Un disco che racchiude una ventata di freschezza ammaliata da un’energia pura e cristallina che divampa e accende speranza energica di costruire una musica che in primis si staglia grazie ad un forte impatto sonoro ed elettronico in grado di amalgamare l’elettricità in divenire in sospiri capaci di penetrare e dare un senso ad un personalità già di per sé elevata e capace, capace di affrontare un EP che racchiude l’esigenza di fare una commistione di diversi generi, partendo da un pop cantautorale che sta dalla parte delle emozioni, quelle reali, quelle partono dallo stomaco e arrivano al cuore, fino ad arrivare ad un suono ben calibrato che si muove divincolandosi in questo EP di cinque tracce, un suono che per Doremiflo è essenza di vita o meglio è la vita stessa, l’aria che respiriamo e il cammino per arrivare a destinazione, tutto questo lo possiamo percepire attraverso il singolo iniziale: L’amore 3.0 passando per Amami e Difendimi fino a Massima Velocità, a chiudere il cerchio e a riaprirlo di nuovo, in una ricerca continua di un posto nel mondo in cui vivere, chiara essenza nell’essere diversi in una quotidianità talvolta soffocante.

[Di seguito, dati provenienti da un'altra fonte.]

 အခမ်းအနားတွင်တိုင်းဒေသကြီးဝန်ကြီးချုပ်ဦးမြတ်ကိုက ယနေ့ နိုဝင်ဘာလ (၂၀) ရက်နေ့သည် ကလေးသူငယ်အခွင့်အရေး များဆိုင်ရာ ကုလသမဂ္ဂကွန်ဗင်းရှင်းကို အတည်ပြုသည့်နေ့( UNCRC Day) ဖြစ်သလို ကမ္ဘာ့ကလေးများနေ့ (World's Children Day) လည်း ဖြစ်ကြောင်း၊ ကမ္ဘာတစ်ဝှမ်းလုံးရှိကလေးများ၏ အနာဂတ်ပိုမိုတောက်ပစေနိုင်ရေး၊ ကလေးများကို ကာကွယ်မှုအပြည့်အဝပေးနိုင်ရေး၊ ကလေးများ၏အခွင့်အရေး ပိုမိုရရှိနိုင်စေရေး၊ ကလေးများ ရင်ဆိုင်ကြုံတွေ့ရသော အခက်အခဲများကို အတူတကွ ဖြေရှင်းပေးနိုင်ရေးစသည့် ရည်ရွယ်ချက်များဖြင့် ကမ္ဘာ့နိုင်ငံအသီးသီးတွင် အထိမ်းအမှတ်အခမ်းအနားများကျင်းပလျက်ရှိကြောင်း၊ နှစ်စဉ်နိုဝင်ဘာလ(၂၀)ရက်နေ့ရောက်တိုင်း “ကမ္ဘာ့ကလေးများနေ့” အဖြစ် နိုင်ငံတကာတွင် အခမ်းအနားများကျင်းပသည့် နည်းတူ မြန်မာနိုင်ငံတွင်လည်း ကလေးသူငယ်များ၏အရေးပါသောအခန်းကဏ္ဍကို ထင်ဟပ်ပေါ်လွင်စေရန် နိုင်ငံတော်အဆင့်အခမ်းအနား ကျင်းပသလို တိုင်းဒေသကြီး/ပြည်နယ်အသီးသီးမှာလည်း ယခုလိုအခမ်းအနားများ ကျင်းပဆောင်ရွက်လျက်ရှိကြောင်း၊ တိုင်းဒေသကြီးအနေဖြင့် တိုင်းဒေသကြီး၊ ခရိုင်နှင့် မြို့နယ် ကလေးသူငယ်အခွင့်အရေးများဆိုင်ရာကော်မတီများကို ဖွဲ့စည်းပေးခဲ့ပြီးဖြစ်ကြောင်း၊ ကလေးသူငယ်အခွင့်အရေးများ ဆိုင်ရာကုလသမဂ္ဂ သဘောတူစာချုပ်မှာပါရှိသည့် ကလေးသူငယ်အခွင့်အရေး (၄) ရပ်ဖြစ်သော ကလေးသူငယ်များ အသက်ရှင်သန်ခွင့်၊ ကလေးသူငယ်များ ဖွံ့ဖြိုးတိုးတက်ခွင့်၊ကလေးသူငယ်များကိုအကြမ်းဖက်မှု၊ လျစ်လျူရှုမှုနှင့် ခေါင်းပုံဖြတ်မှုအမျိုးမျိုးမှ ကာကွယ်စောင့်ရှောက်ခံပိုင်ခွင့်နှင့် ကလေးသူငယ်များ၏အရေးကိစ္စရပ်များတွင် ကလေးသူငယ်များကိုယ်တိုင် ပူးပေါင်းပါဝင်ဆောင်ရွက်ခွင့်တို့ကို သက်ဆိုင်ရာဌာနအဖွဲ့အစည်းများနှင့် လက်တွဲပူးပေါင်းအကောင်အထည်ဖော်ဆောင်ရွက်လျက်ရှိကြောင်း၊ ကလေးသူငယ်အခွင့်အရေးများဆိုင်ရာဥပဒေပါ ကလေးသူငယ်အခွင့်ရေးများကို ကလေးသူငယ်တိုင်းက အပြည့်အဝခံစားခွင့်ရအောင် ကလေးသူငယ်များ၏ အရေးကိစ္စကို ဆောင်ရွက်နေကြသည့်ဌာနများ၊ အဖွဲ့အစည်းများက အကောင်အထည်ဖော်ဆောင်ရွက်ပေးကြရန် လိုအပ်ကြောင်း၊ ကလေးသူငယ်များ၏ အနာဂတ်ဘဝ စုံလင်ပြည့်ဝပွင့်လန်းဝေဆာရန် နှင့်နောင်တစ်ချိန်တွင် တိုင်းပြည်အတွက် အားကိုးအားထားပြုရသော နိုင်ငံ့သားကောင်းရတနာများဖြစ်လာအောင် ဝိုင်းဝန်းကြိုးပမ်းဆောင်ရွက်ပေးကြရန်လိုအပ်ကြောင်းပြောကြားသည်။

Marlò – Intro (Autoproduzione)

MARLÒ intro

Pop elegante e ben congegnato capace di affilare le corde dell’anima ed incedere con gran passo verso territori cari alla canzone d’autore italiana, una musica ricca di arrangiamenti calibrati a dovere che permette di entrare in sinergia con il messaggio, con i testi, che parlano di una realtà esclusivamente tangibile, lasciando da parte il messaggio criptico del momento per conferire al tutto una profondità che parla diritta diritta all’amore e alla bellezza, raccontandone sfaccettature e senso che vanno oltre il pensiero comune, concentrandosi con parole soggettive, che riguardano vissuti e implementano le ragioni del cuore, abbandonando il miele che solitamente abbonda in questo tipo di produzioni, per lasciare una traccia di qualcosa di vero e vissuto.

Questo disco di Marlò, all’anagrafe Federica di Marcello, suona radiofonico, ma non troppo, mantenendo una componente personale che va ben oltre le mode del momento e si permette di lasciare traccia del proprio passaggio, partendo dai sentimenti più cari e vicini, quasi fosse una foto di famiglia, sbiadita del tempo, ma da conservare ancora tra le mani, come ricordo per le migliori cose, quelle che in fondo contano veramente.